DATA UNDER STUDY:
▼▼▼
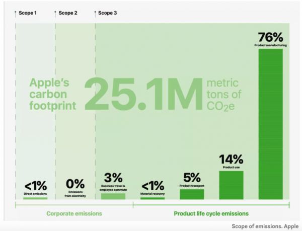 比如在苹果披露的碳足迹中,产品生产过程中的碳排放最多,占比76%。其次是产品使用和产品运输中的碳排放,分别占14%和5%。
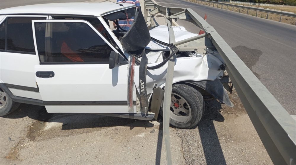 Konya'nın Kulu ilçesinde refüjdeki bariyerlere çarpan otomobil sürücüsü yaralandı.
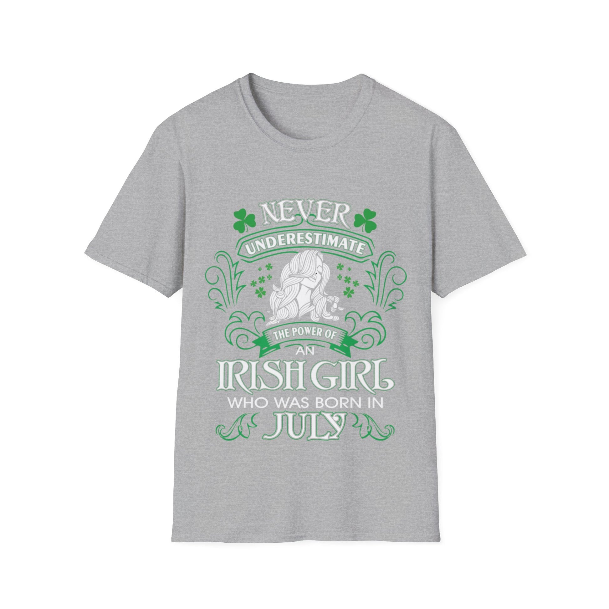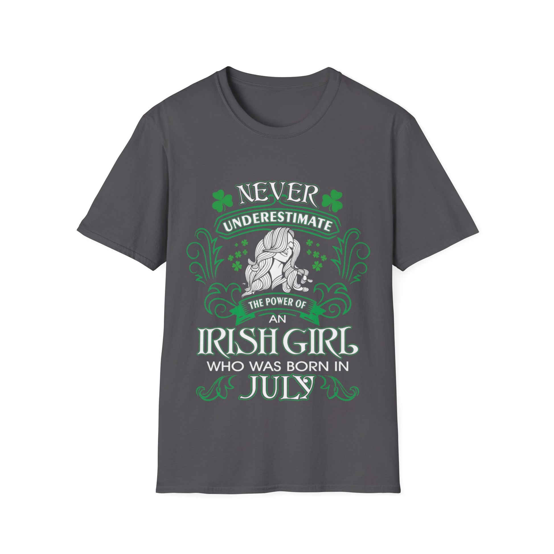 A unique and personalized T-Shirt design that celebrates the strength and pride of Irish girls born in July. This T-Shirt exudes a confident and spirited vibe, perfect for those looking to show off their Irish heritage or celebrate their birthday. Ideal for adults looking for a statement piece for casual wear or as a thoughtful gift for someone special. Relevant for St. Patrick's Day, birthdays, and any occasion where Irish heritage is celebrated.
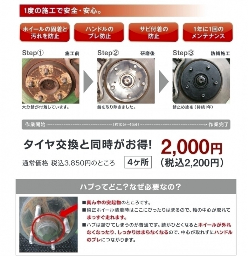 1回ハブ防錆をしている方であれば2回目以降はメンテナンスという形で
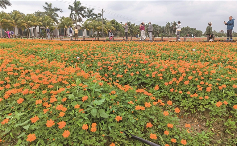 游人在海南琼海大路坡村花海赏花。新华社发
▲▲▲
WHAT TO PRODUCE: Reproduce verbatim the opening line of the material and every line after it, up to and including the line with "Konya'nın Kulu ilçesinde", but no pictures.

THE COMPLETED TASK:
 比如在苹果披露的碳足迹中,产品生产过程中的碳排放最多,占比76%。其次是产品使用和产品运输中的碳排放,分别占14%和5%。
 Konya'nın Kulu ilçesinde refüjdeki bariyerlere çarpan otomobil sürücüsü yaralandı.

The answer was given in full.